DESCRIPTION OF SYMBOLS 1 Vehicle lamp 2,2_1-2_n Light source 3 Lighting circuit 4 Bypass circuit 5 Control circuit 11 Lamp switch

Claims (3)

A vehicle lamp mounted on a vehicle,
A plurality of light sources connected in series;
A lighting circuit for supplying power to the plurality of light sources;
A control circuit for controlling a lighting state of each of the plurality of light sources;
A bypass circuit connected in parallel with the plurality of light sources and switching each of the plurality of light sources to either one of a conductive state and a non-conductive state in accordance with the control of the lighting state by the control circuit;
With
The plurality of light sources are
Some correspond to driving headlamps, and others correspond to side illumination lamps.
Vehicle lamp. A lamp switch that lights at least some of the plurality of light sources in response to an operation of a driver of the vehicle;
Further comprising
The control circuit includes:
Based on the vehicle speed of the vehicle and the switch state of the lamp switch, the bypass circuit is controlled.

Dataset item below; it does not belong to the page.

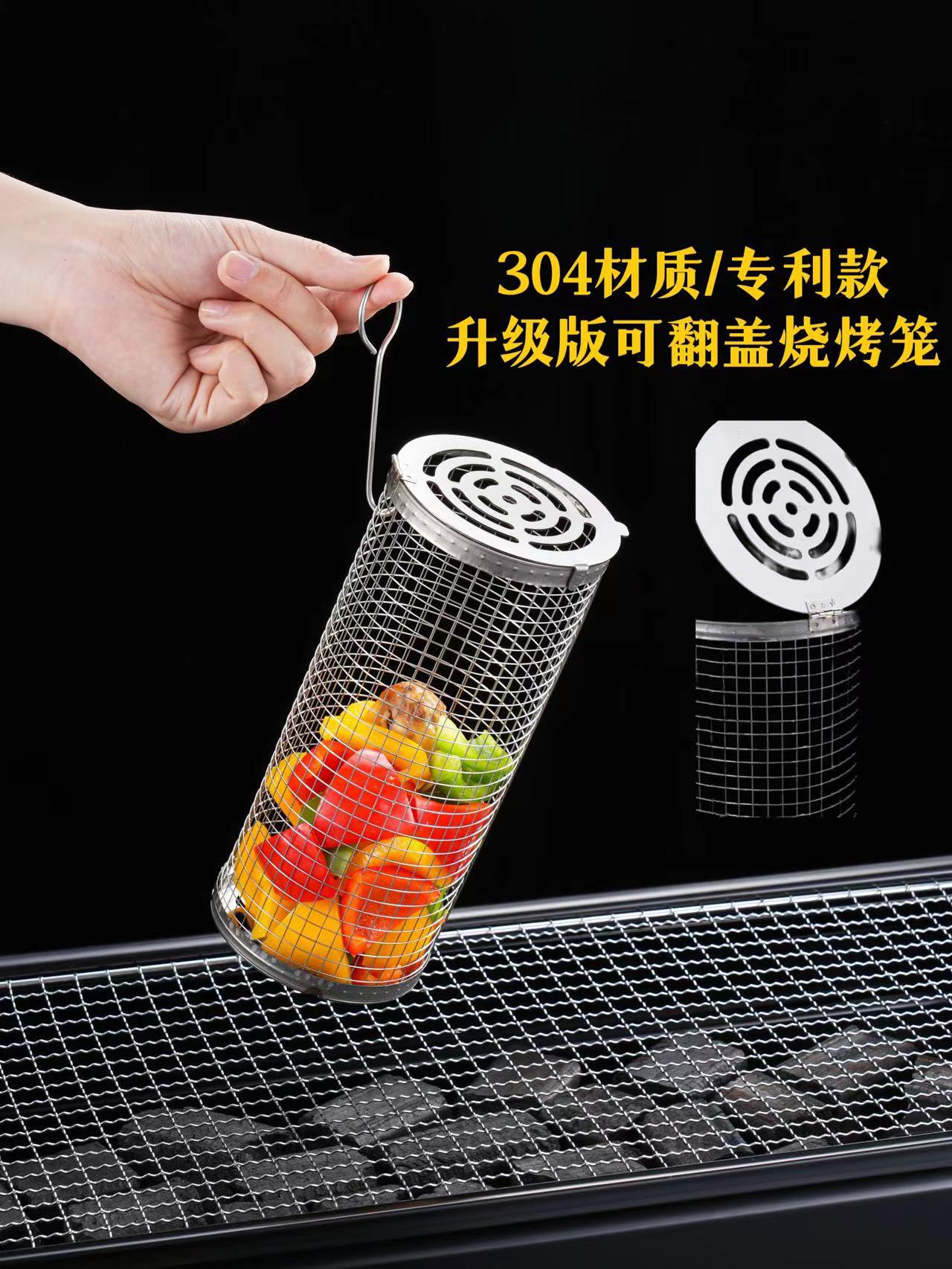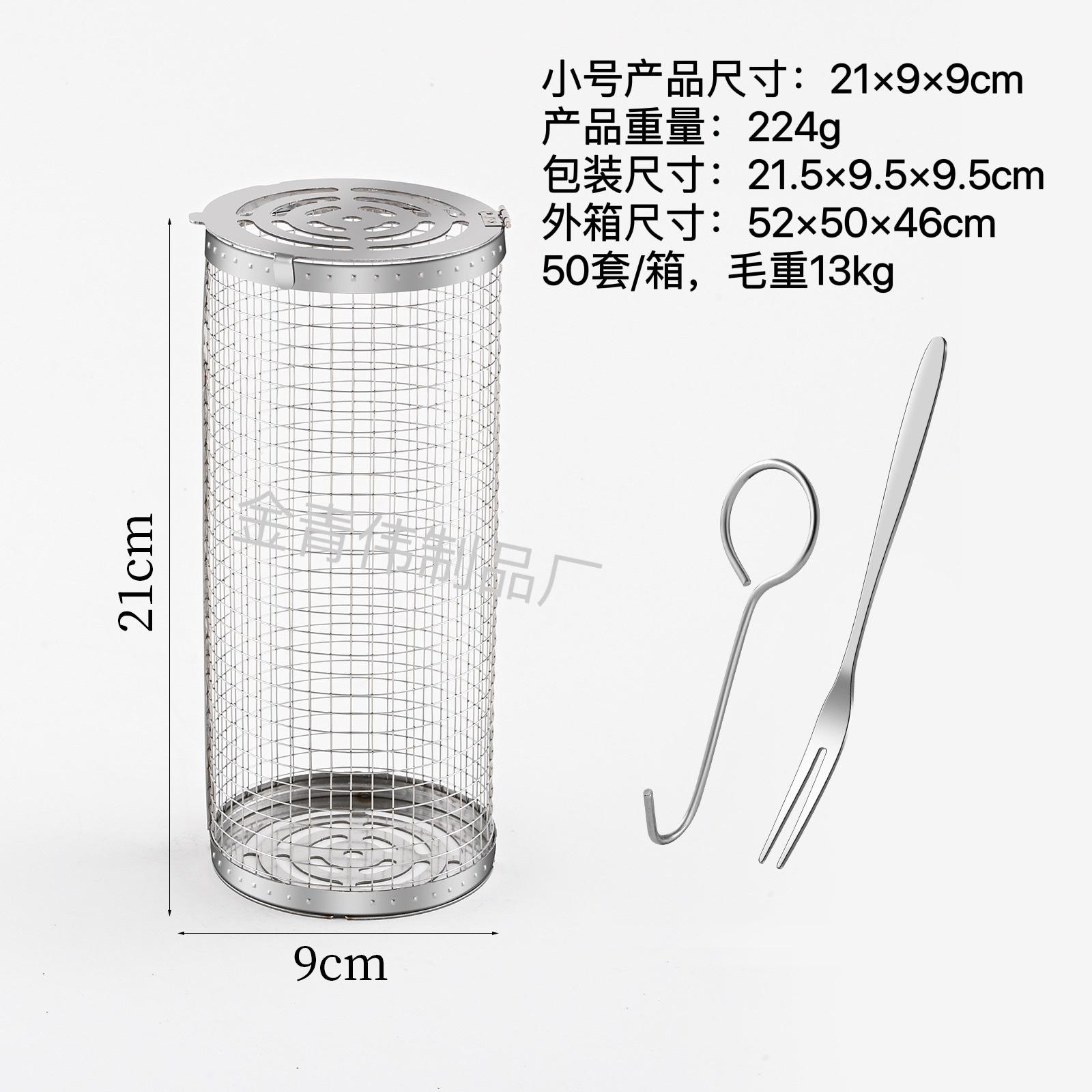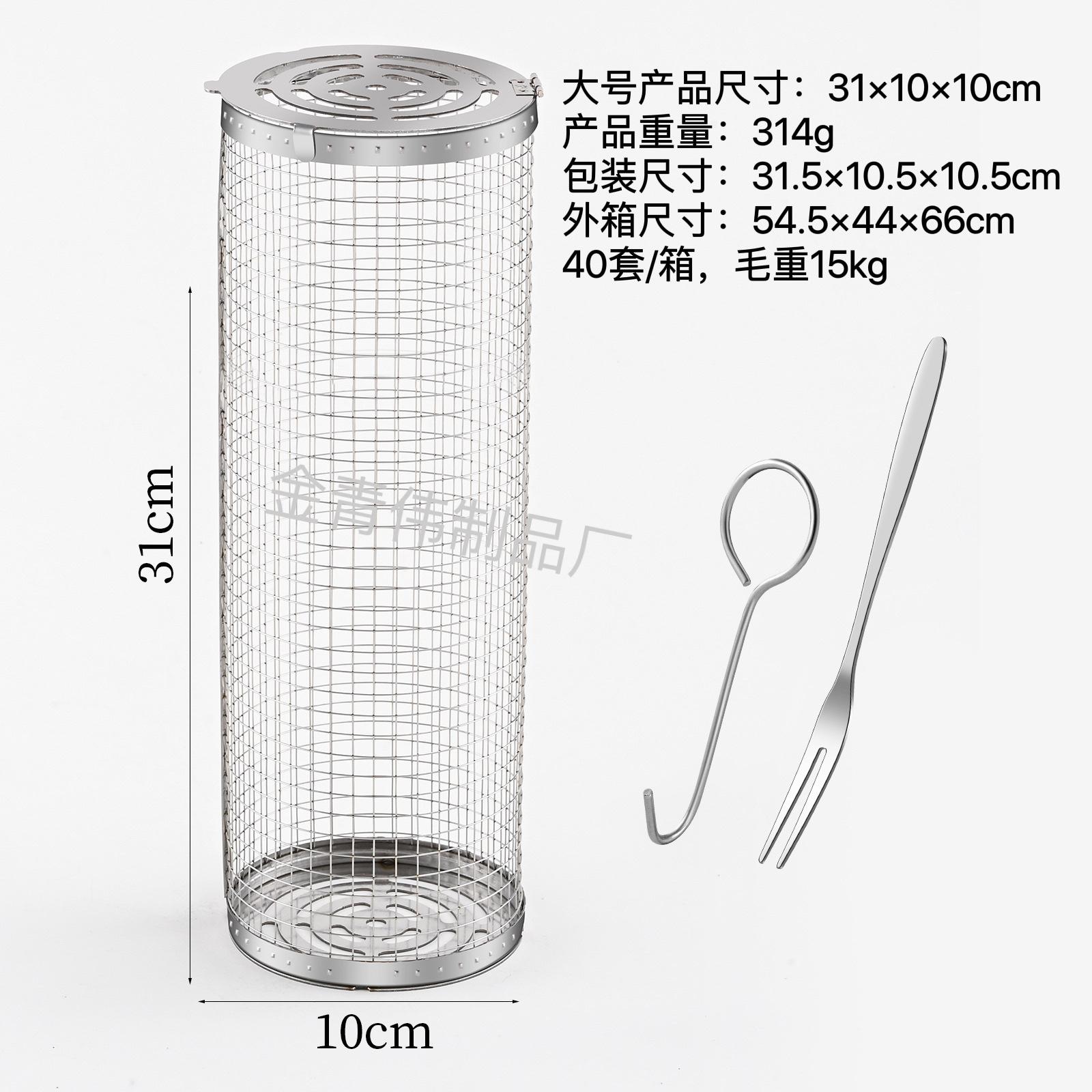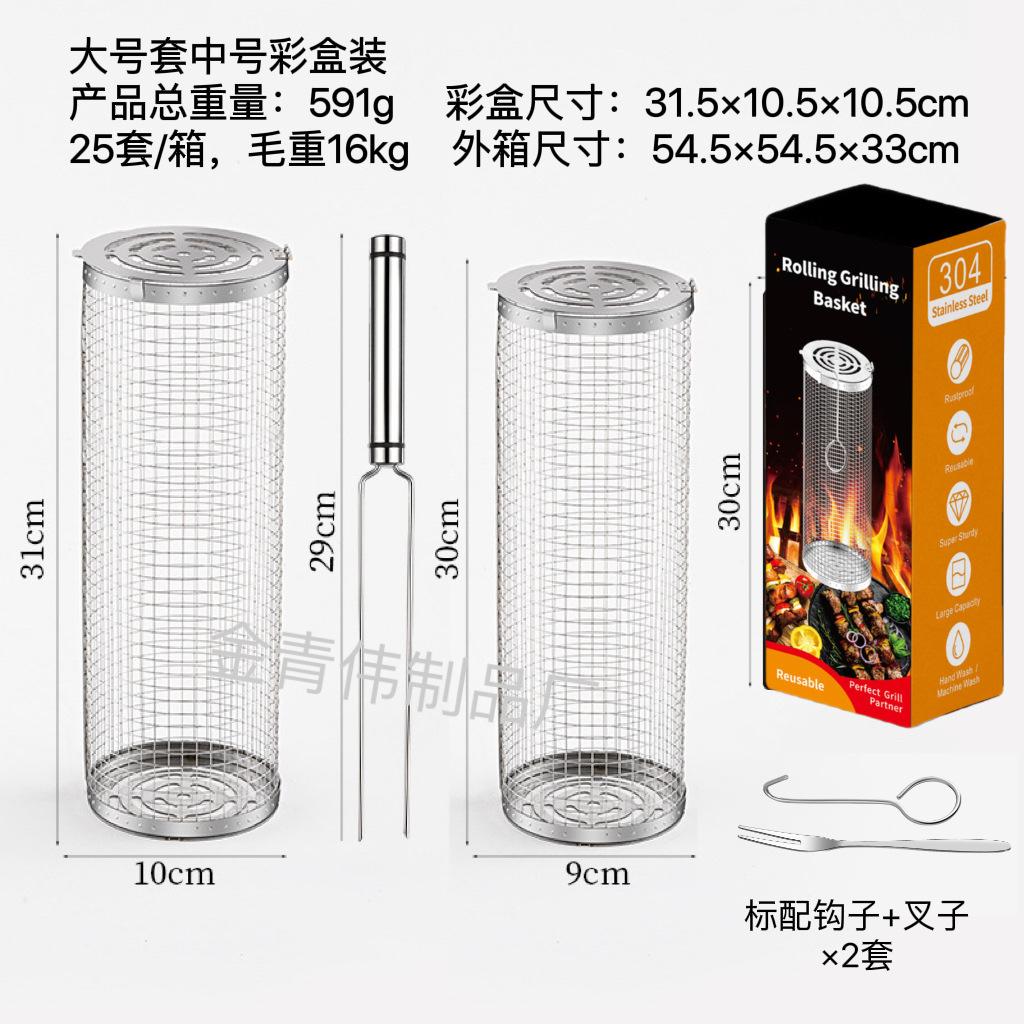 Jaula rodante para barbacoa transfronteriza, cesta para barbacoa BBQ de acero inoxidable 304 con mango de madera, barril giratorio para barbacoa, Amazon no infractor

The vehicular lamp according to claim 1. The traveling headlamp and the side illumination lamp are:
The current values flowing through the plurality of light sources are within the same first range, and the duty ratio for switching each of the plurality of light sources to either the conductive state or the non-conductive state is within the same second range. It is in,
The vehicular lamp according to claim 1 or 2.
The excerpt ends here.